But I know what you mean. I once had used FourStars Spray Sealant and I only recall it's smell was foul. But I used it again after a year and saw that it smelled not that bad at all, but flowers etc. I don't know if it happens if not shaken well or there is excess gas inside the container. Or, if I have too many products to confuse myself.


----------



## Bratwurst (Jan 23, 2009)

Sounds nice! :thumb:

I'll probably get another bottle in 6 months or so, so I'll maybe get to sniff the tropical stuff come the time


----------



## NoobWash (Apr 18, 2011)

Sorry to bump the thread.. Any thumbs up for C3 smart carnauba? I have a choice between C3 and OCW :/

Thanks,
Lou


----------



## msb (Dec 20, 2009)

Not strictly wax but am loving prima hydro atm


----------



## Carshine (Nov 11, 2009)

Love the Meguiars UQW, and the beading is really nice! 

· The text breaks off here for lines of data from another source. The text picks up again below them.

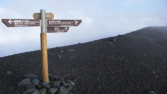 10月以降の富士登山は冬山や山岳登攀技術などを身につけたプロフェッショナルな人達だけが許される世界だ.夏場の登山シーズン中には親切な標識が沢山あるが、夏の登山シーズンが終わるとこれらの標識は撤去されてしまう.勿論トイレなど皆無だ.
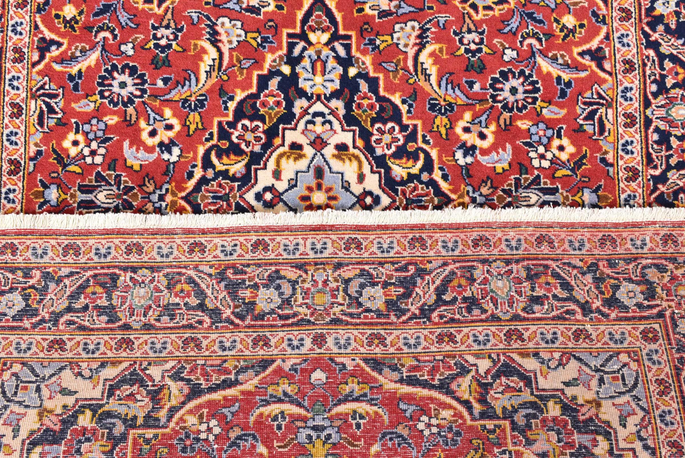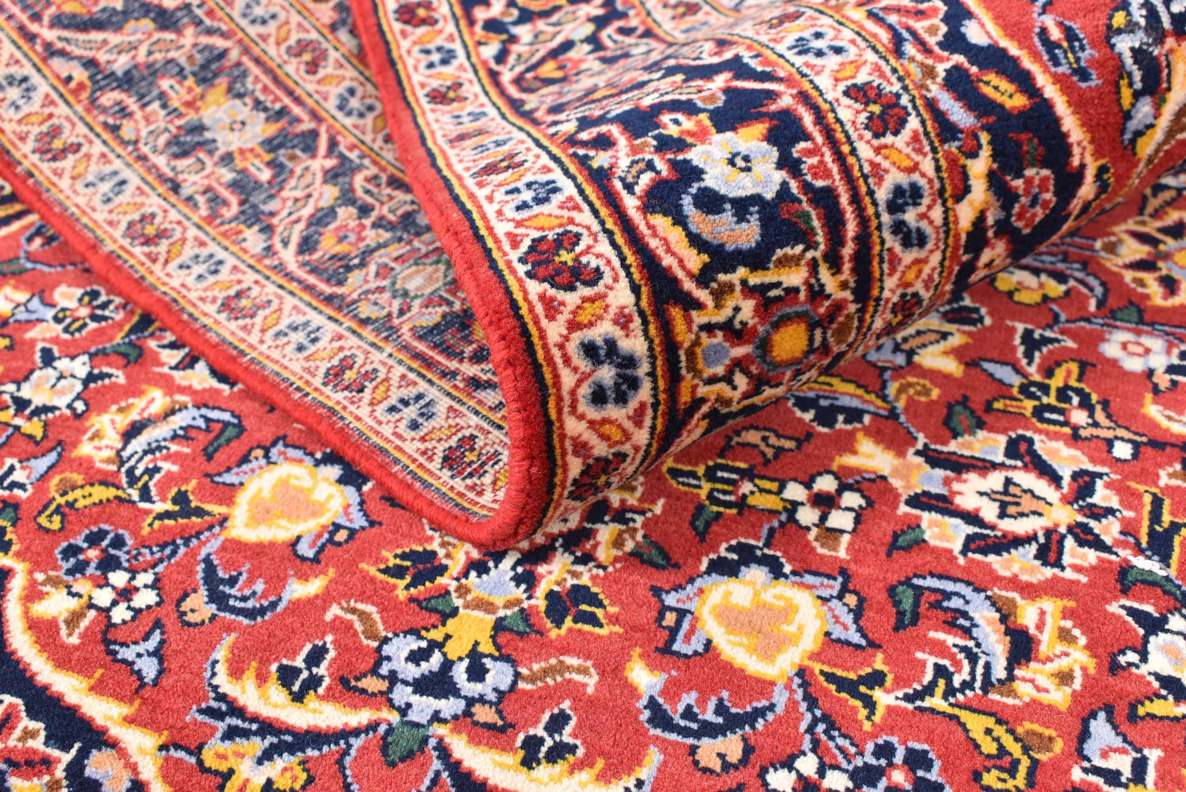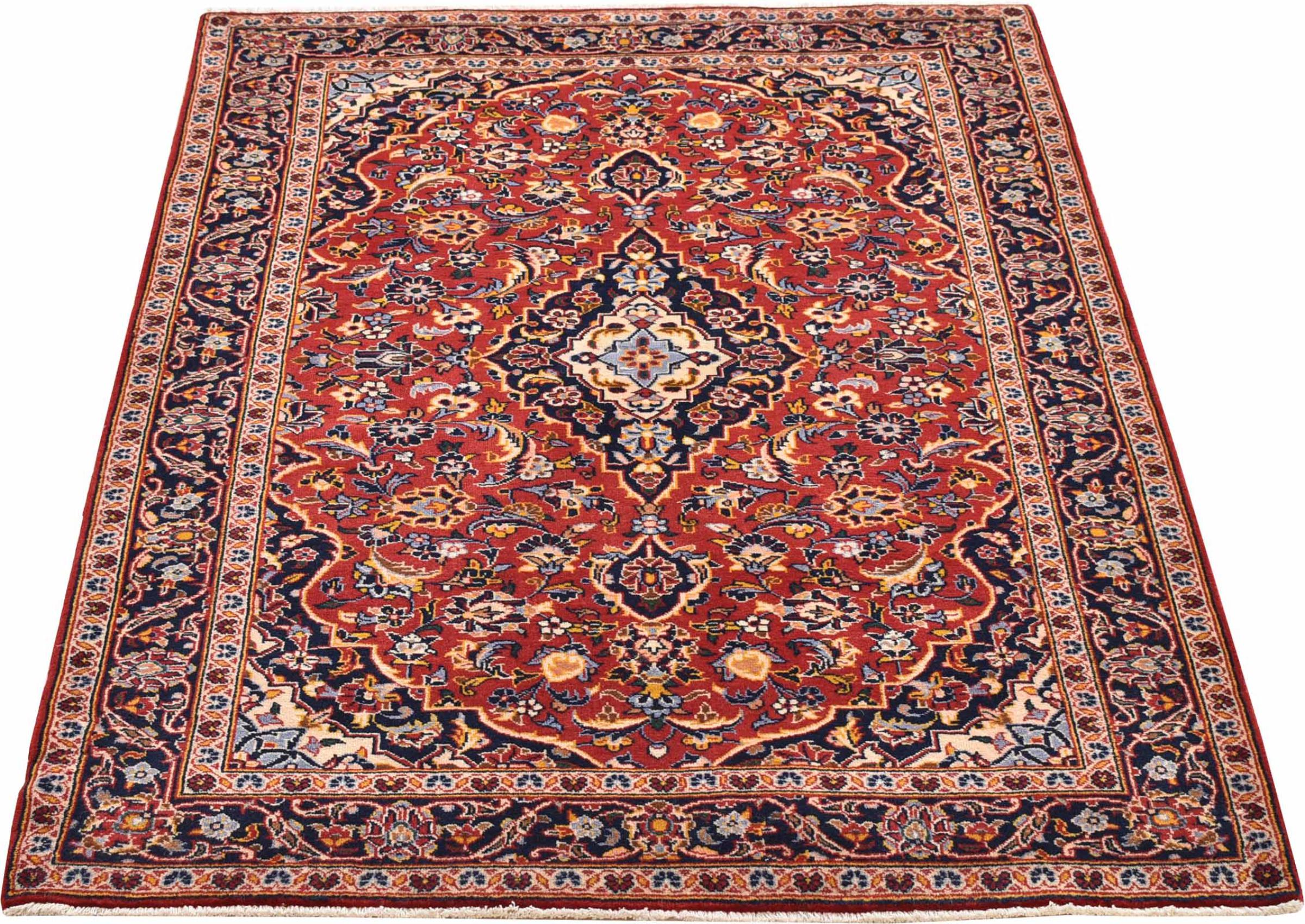 This rug originates from Keshan also called Kashan in Persia. It counts to the most popular Persian rugs. This Keshan comes in a typical design for its type. It has been crafted by hand from fine sheep wool and natural dyes. The ornaments embody a centuries old design pattern, which is still highly popular today.
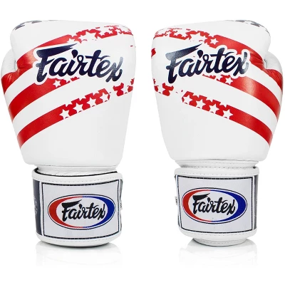 The Fairtex US Flag BGV1 Muay Thai Boxing Gloves are high-quality gloves designed for training and competition in the sport of Muay Thai. Made from premium leather, these gloves are built to last and provide excellent protection for both the user and their training partner. The gloves feature a unique contoured and snug fit, which allows for easy and comfortable hand movement during training sessions. The padding in the gloves is strategically placed to provide maximum protection and support for the hands and wrists. The gloves also feature a Velcro closure system for a secure and customizable fit. Overall, the Fairtex BGV1 Muay Thai Boxing Gloves are a top-of-the-line choice for anyone looking to take their training to the next level.
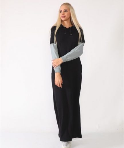 Повседневное длинное спортивное платье с полосками — черное, удобное, с капюшоном и двойными карманами, подходит для скромной одежды

I also enjoy the new Dodo Juice Detailing Spray and Chemical Guys P40


----------



## PWOOD (Apr 30, 2007)

having put two layers of Jeff acrylic jett trigger on a couple of months ago in cold temperatures and it went on so easily i wish i had used it years ago. still beading and sheeting well.


----------



## bomcar (Jan 10, 2011)

OCW for spray wax
JW AJT for spray sealant
both is LSP


----------



## rex79gt (Jul 27, 2010)

Optimum car wax
opti-seal

combine both = perfect


----------



## MidlandsCarCare (Feb 18, 2006)

rex79gt said:


> Optimum car wax
> opti-seal
> 
> combine both = perfect


Agree.


----------



## Herefordquattro (May 31, 2010)

permanon car supershine brilliant - simples

ok it ain't a wax but it is so so easy to use, apply while the car is still wet as part of the drying stage and it's done so much quicker than anything i've used before


----------



## bmwman (Jun 11, 2008)

Had some amazing results with Pinnacle crystal mist. It brought a good shine but was very quick and easy to use.


----------